• INSTRUCTIONS FOR THE TASK:
The answer should be every line below, repeated exactly, with the images left out.

• EXERCISE DATA:
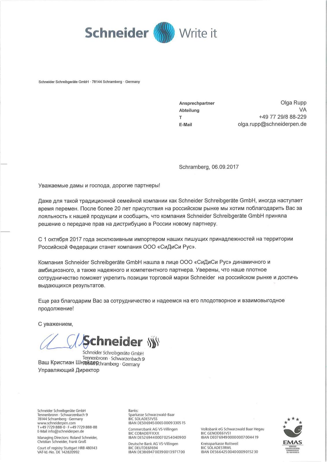 Компания Schneider Schreibgeräte GmbH приняла решение о смене дистрибьютора в России.
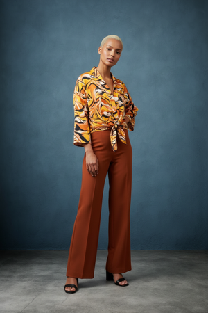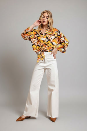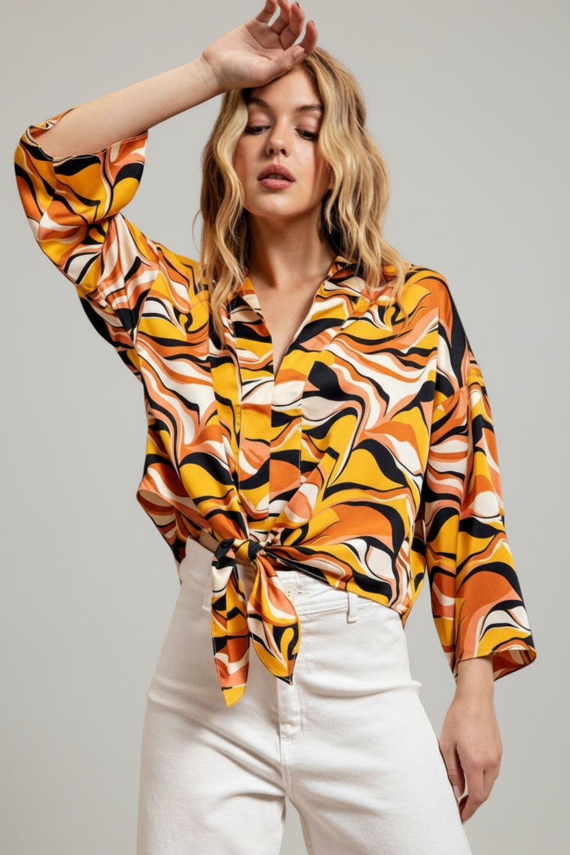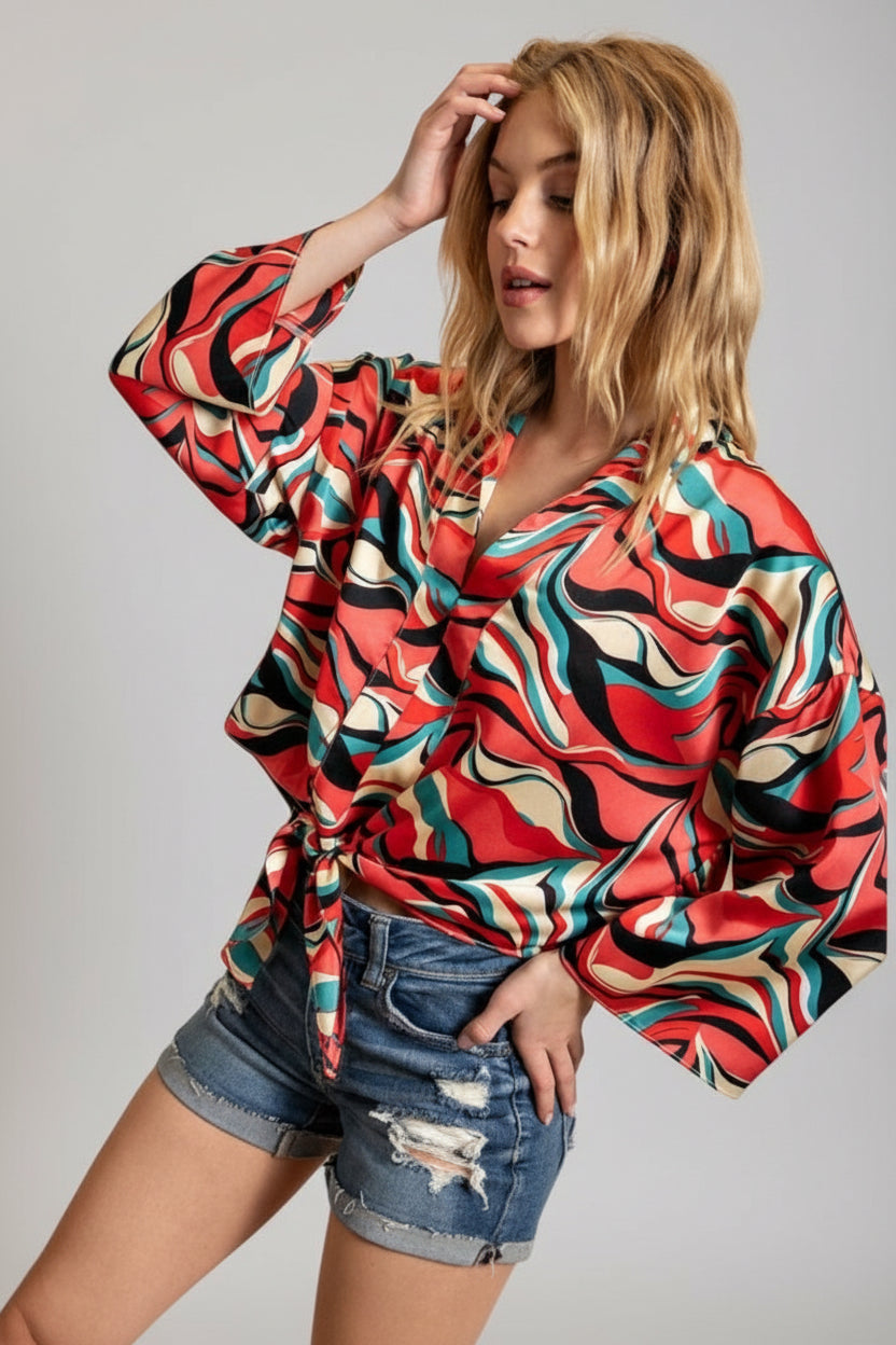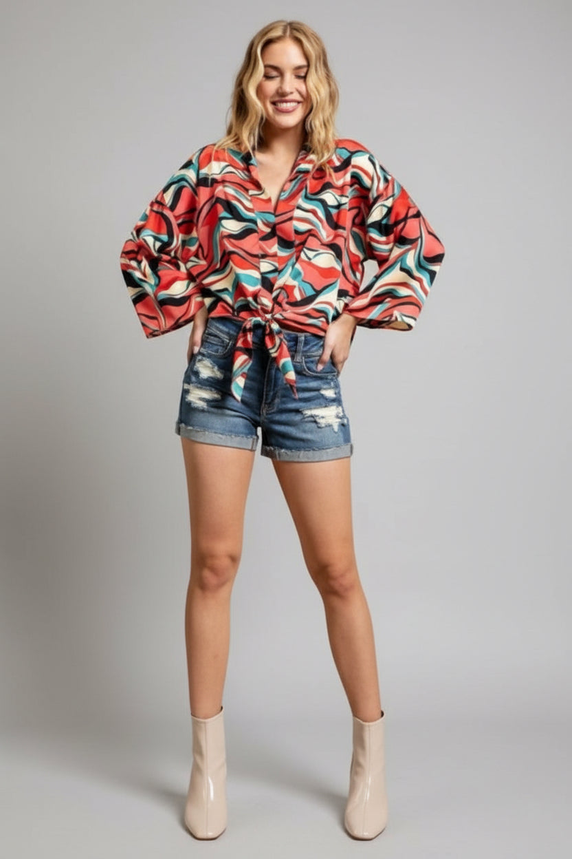 Embrace bold style with the Retro Wave Tie Abstract Wide Sleeve Top. Featuring eye-catching abstract patterns and dramatic wide sleeves, this top adds a unique flair to your wardrobe. The tie detail enhances its retro charm while offering a customizable fit. Perfect for making a statement at any casual or dressy occasion, it combines comfort and standout design effortlessly. Elevate your look with this versatile, fashion-forward piece.
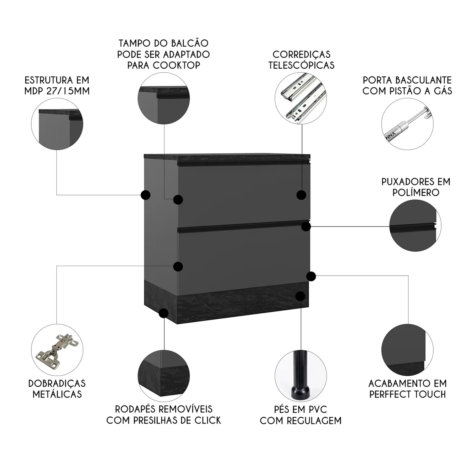 Conta com uma porta basculante com pistão a gás e dobradiças metálicas, que proporcionam um movimento suave e controlado. Além disso, possui gaveta com corrediças telescópicas, proporcionando abertura total e fácil acesso aos utensílios. Os puxadores perfil em polímero acrescentam um toque de sofisticação, harmonizando com diversos estilos de decoração.

• ANSWER FOR THIS EXERCISE:
 Компания Schneider Schreibgeräte GmbH приняла решение о смене дистрибьютора в России.
 Embrace bold style with the Retro Wave Tie Abstract Wide Sleeve Top. Featuring eye-catching abstract patterns and dramatic wide sleeves, this top adds a unique flair to your wardrobe. The tie detail enhances its retro charm while offering a customizable fit. Perfect for making a statement at any casual or dressy occasion, it combines comfort and standout design effortlessly. Elevate your look with this versatile, fashion-forward piece.
 Conta com uma porta basculante com pistão a gás e dobradiças metálicas, que proporcionam um movimento suave e controlado. Além disso, possui gaveta com corrediças telescópicas, proporcionando abertura total e fácil acesso aos utensílios. Os puxadores perfil em polímero acrescentam um toque de sofisticação, harmonizando com diversos estilos de decoração.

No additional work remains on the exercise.